The problems with alcohol are (a) it just treats the symptom and doesn’t help
fix whatever underlying issue is causing the stress, (b) it’s easy to take a
far larger dose than necessary, far more often than necessary leading to
abuse, and (c) acute effects of a large dose and chronic effects of frequent
use are both highly destructive.

------
chimeracoder
> Lotteries are exempt from the Federal Trade Commission truth-in-advertising
> laws.

Honestly, this is the biggest case against the lottery, of all the things
listed in the article.

I can't remember the last time I saw an ad for the lottery on TV, let alone
something as ridiculous as the one from Illinois they show in the article. I
wonder how much of the problem would be fixed by fixing this, rather than
doing away with state lotteries altogether?

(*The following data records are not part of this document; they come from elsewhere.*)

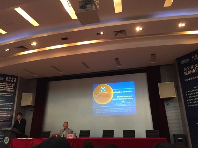 讲座主要从教育理念和策略设计建构的角度对当前高等教育界流行的“慕课”(MOOCs)和“翻转课堂”(the Flipped Classroom)进行了解读。Dr.Tochon在网络技术、智能化迅速发展的大背景介绍基础上,展示了教师如何开始逐步建构远距离学习环境。从翻转课堂开始,交替使用课内(面对面)和允许学生共享资源、知识、获得教学反馈,进行启发性地线上教育。Self-directed learning、learner-centered approach都强调了教师角色从指导者到辅助者的转变,通过线上手段使用、给学生充分选择空间及使学习成为一种engagement(契约)等使学生展现更多能量从而加强学习效果。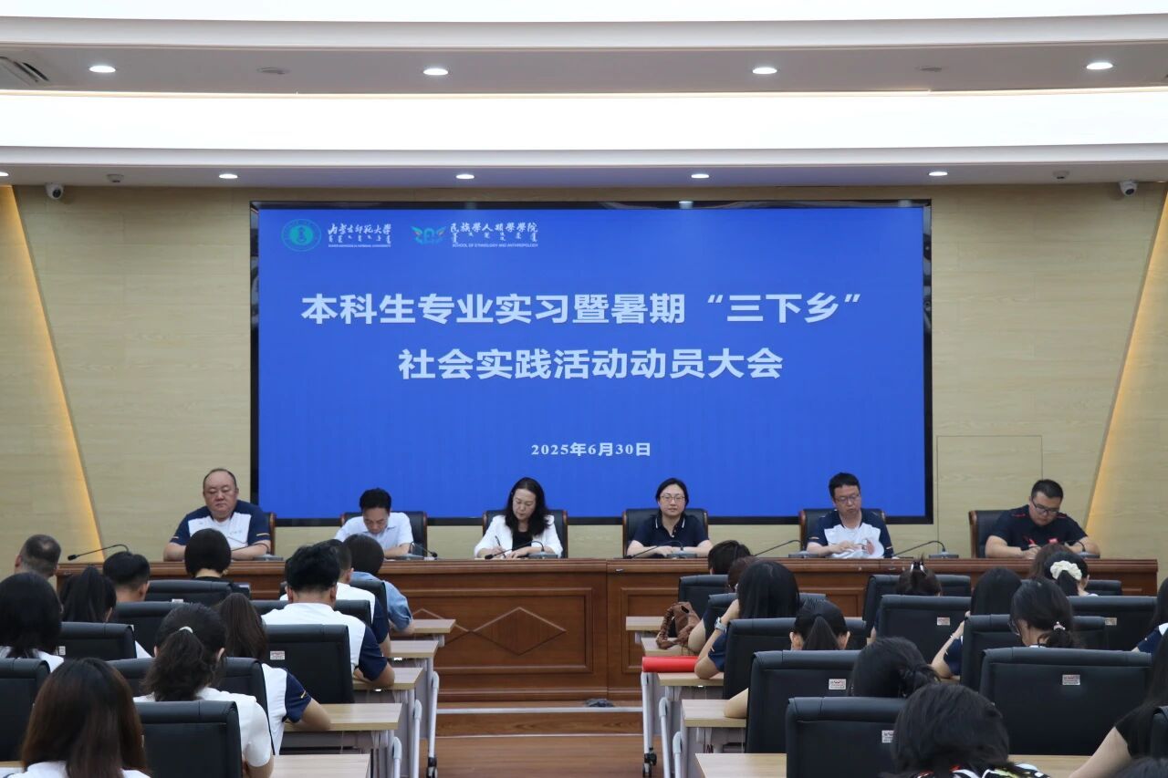 2025年6月30日上午9时,beat365英国官网网站本科生专业实习暨暑期“三下乡”社会实践活动动员大会在勤政楼研究生院会议室召开。学院党委书记包凤兰、副书记副院长陆一琼、副院长满达、团总支书记姜鑫、全体带队教师以及2023级民族学、社会工作专业全体学生齐聚一堂,共同为即将启程的暑期社会实践之旅凝聚力量、注入活力。动员大会由副院长满达主持。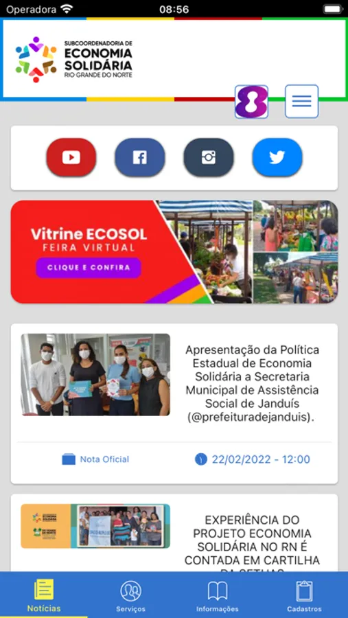 Aplicação Ecosol Digital, aproximando o cidadão do estado do Rio Grande do Norte das ações do Governo do Estado do Rio Grande do Norte.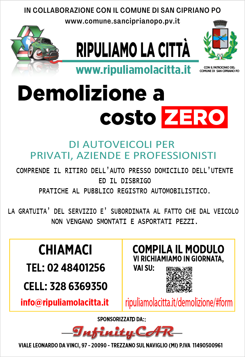 Il progetto offre la demolizione di veicoli con ritiro a domicilio e assistenza burocratica come da convenzione approvata tra Comune e la società Infinity Car con deliberazione di G.C. n. 54 del 17.10.2023.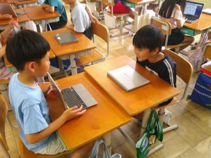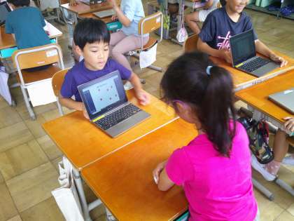 英語活動では、「いくつかなクイズをしよう」をしました。1から10までの言い方とHow many 〜?の言い方を学習しました。学習したことを生かして、いくつかなクイズをタブレットで作り、みんなで出し合いました。たくさんやり取りをして、楽しく学習することができました。
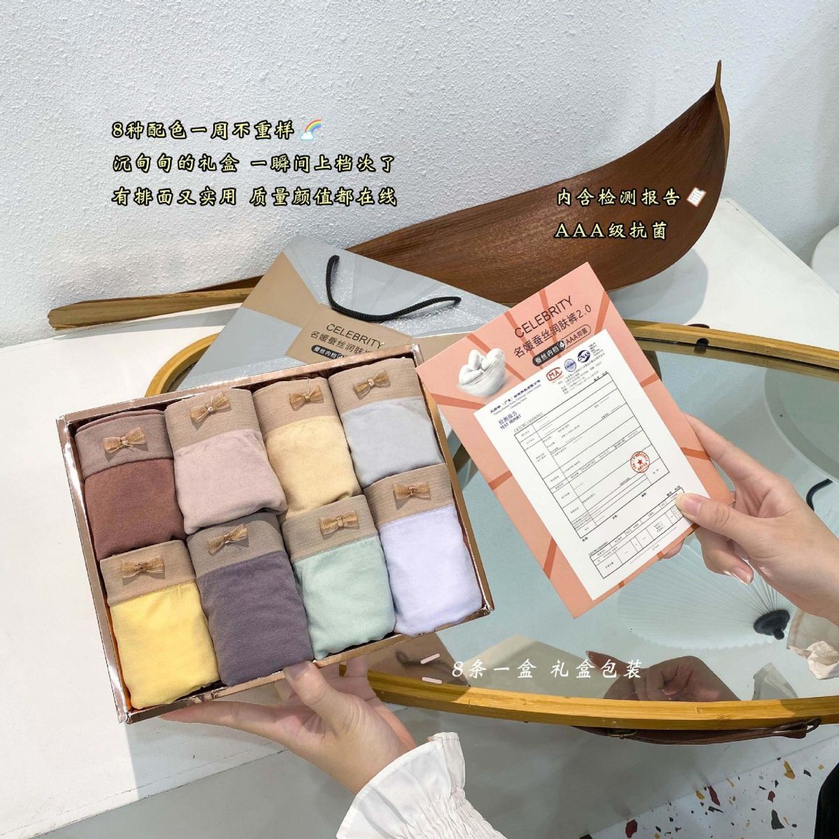 【呵护女性健康】【8条礼盒装】名媛内裤2.0蚕丝内裤女网红中腰蕾丝裤抗jun透气无痕三角裤内裤内衣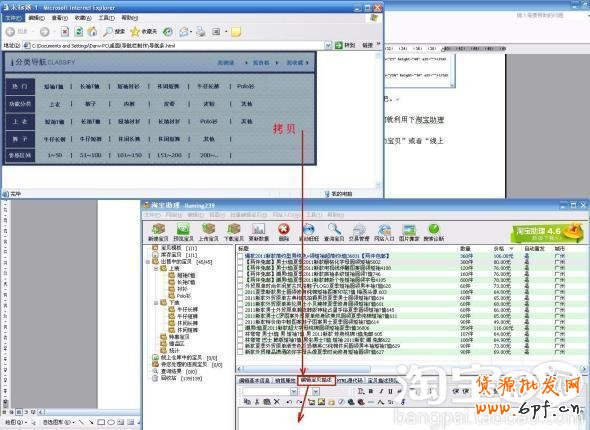 6. 打開淘寶助理,用瀏覽器打開我們的導航條文件,將里面的內容粘貼到“出售中的寶貝”或者“線上倉庫中的寶貝”中的任意一款寶貝的前面,保存,然后點擊“圖片搬家“。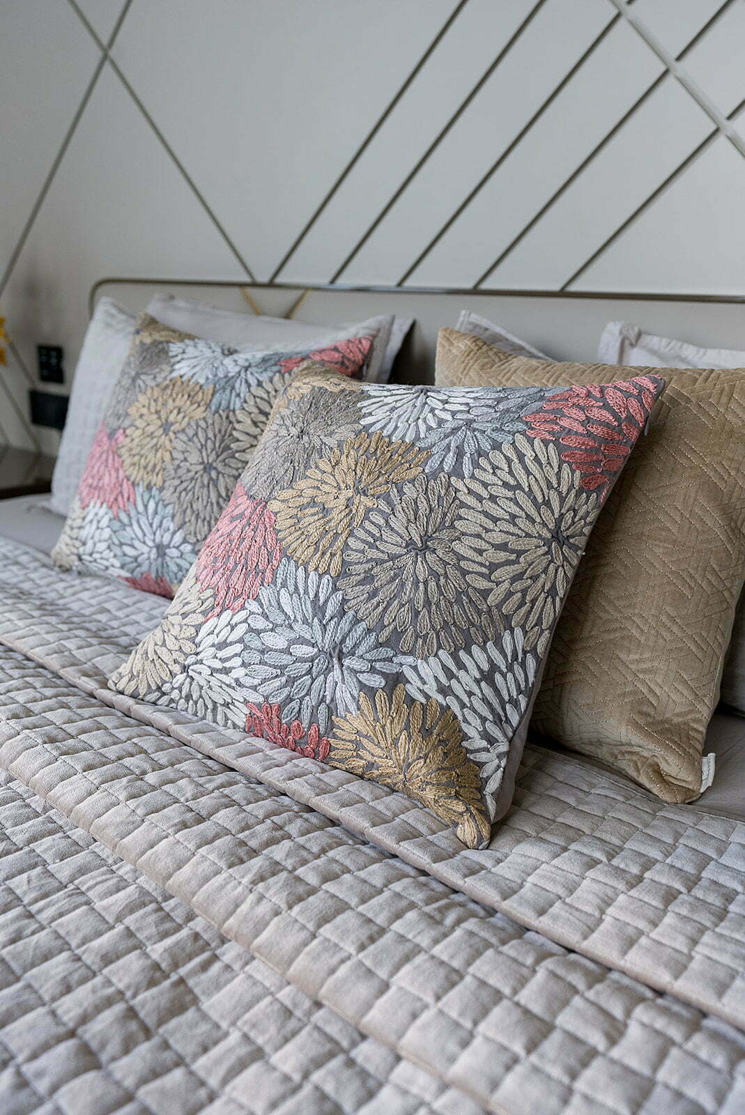 Enhance any corner of your home with our Aura embroidered cushion cover. Featuring elegant hand-embroidered florals in subtle, sophisticated colors, it’s perfect for floral enthusiasts. The intricate yarn embroidery and complementing colors create an attractive atmosphere, making it an ideal choice for enhancing your space.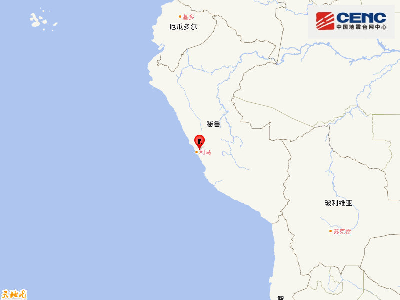 中国地震台网正式测定:01月07日18时27分在秘鲁(南纬11.90度,西经76.70度)发生5.1级地震,震源深度60千米。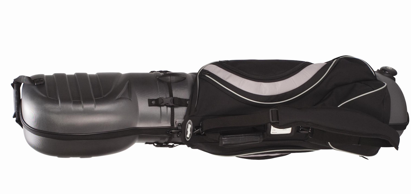 Eine weitere Option sind so genannte Hybrid- oder 2-in-1-Versionen, die Travel-Cover und Tasche kombinieren, wie beispielsweise das »Hybrid TC« von Bag Boy. Dabei handelt es sich um eine unkonventionelle, aber sicherlich intelligente Designvariante, bei der ein »normales« Bag, das zusätzlich mit Rollen ausgestattet ist, mit einer Haube im Hard-Cover-Stil kombiniert wird. Zum besseren Schutz der Schlägerköpfe ist diese innen noch zusätzlich gepolstert. Allerdings bleibt zum Verstauen während des Flugs nur Platz fürs Notwendigste. Schuhe oder Regenanzug müssen daher wohl im Koffer Platz finden.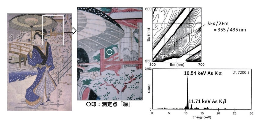 浮世絵版画では、染料の藍(インジゴ)と顔料の石黄(As2O3)による混色「緑」が3DFスペクトルと XRFスペクトルによる分析によって確認されている35)。この浮世絵は五渡亭国貞の三枚続き「江戸八景 木母寺暮雪」の右側の一枚で1821年頃(江戸後期 文政4年頃)に刊行された。この浮世絵版画の緑の測定点から得られた蛍光指紋と XRFスペクトルを図35に示した。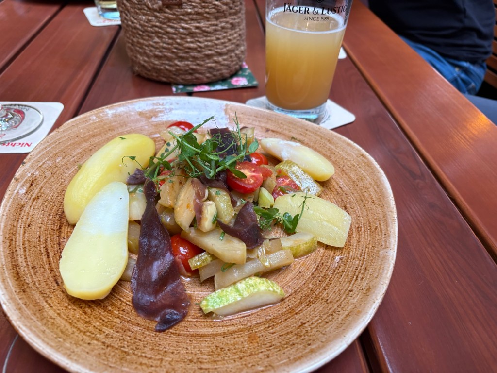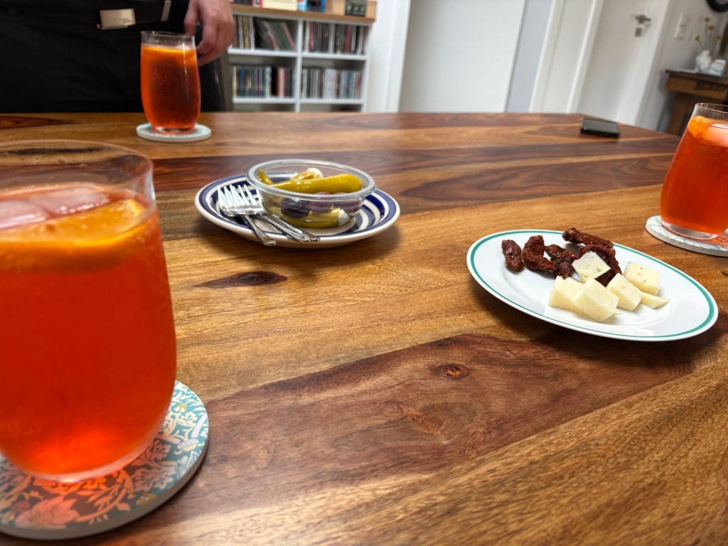 Anderthalb Stunden und ein Liebstentelefonat später laufe ich weiter, über die Spree, am Yaam vorbei, den Streetfoodmarkt am Ostbahnhof entdeckend, und zur Wohnung von Brüderchen und Freundin. Fünf Altbaustockwerke weiter komme ich keuchend oben an und dann weihen wir den neuen Esstisch mit einem ordentlichen Aperitivo ein – der Spritz hat die doppelte Größe wie im Restaurant.

> if state governments are going to continue offering lotteries, they need to
> be regulated at the federal level and with the same standards as private
> businesses.

Some states actually _have_ privatized their lotteries. Illinois is one of
them, though they're changing that back now.

Ironically, the main "problems" that Illinois and New Jersey have reported
with this approach are decreased revenue and sales[0] (ie, the exact things
this article is trying to accomplish in the first place). So it seems that
privatizing the lottery systems would be another approach.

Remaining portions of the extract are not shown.